Like France, but much more so, Britain has a historic past in West Asia. Britain’s superpower links are also involved. Russia’s alleged use of a nerve agent last month against a former Russian double agent, Sergei Skripal, who now lives in Salisbury, and his daughter Yulia, visiting from Moscow, dragged Syria into the realm of Mrs May’s domestic politics. She explicitly links the strikes on Syrian chemical weapons targets to the Salisbury poisoning which she blames on Russia.

Hans Blix, the former United Nations chief weapons inspector, wouldn’t have accepted Mrs May’s lofty humanitarian argument. As he tartly pointed out once, the US, UK and France are not authorised “global policemen”. Even if they were, international law does not explicitly sanction military action against the use of chemical weapons. If it did, the US would have to be brought to book for poisoning Vietnam, Cambodia and Laos with 20 million gallons of defoliant and herbicides (including the notorious Agent Orange) that killed 400,000 Vietnamese and resulted in 500,000 children being born with defects.

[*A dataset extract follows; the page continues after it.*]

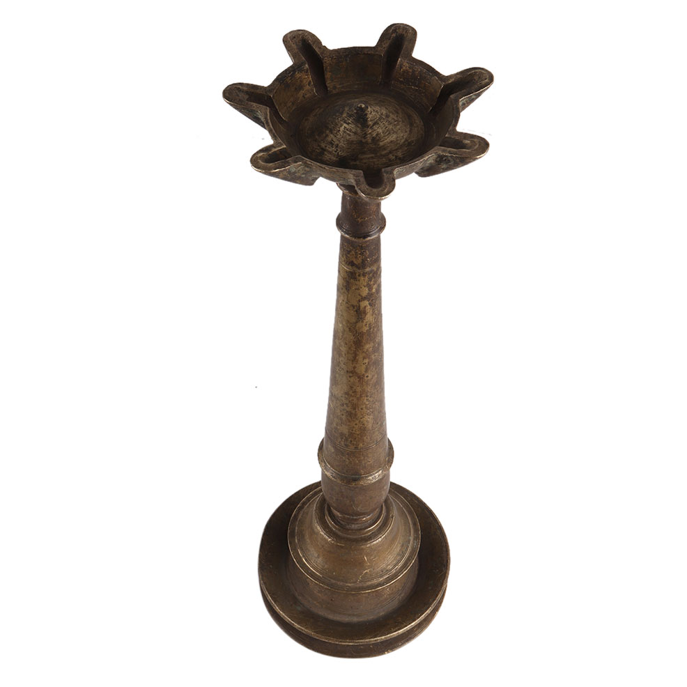 It is customary in India to light this handmade Kuthu Vilakku oil lampstand with 7 Jyoti during any important function or occasion. Fill the bowl with sesame or coconut oil or any other oil of your choice. Lighting such lamps is thought to be an auspicious sign. Fill the vintage oil lampstand with cotton buds and oil of your choice to bring positivity and happiness into your home. It is also known to clear the mind and induce relaxation.

An American military presence will not end the Syrian civil war. Nevertheless, Mr Macron claims credit for swaying the views of the US president who had said he wanted to pull American troops out of Syria, where about 2,000 — mostly special forces — are supposedly fighting Islamic State terrorists. It will only extend and strengthen the siege to which Mr Assad has been subjected for seven years and which shows no sign of ending.

Sunanda K Datta-Ray is the author of several books and a regular media columnist.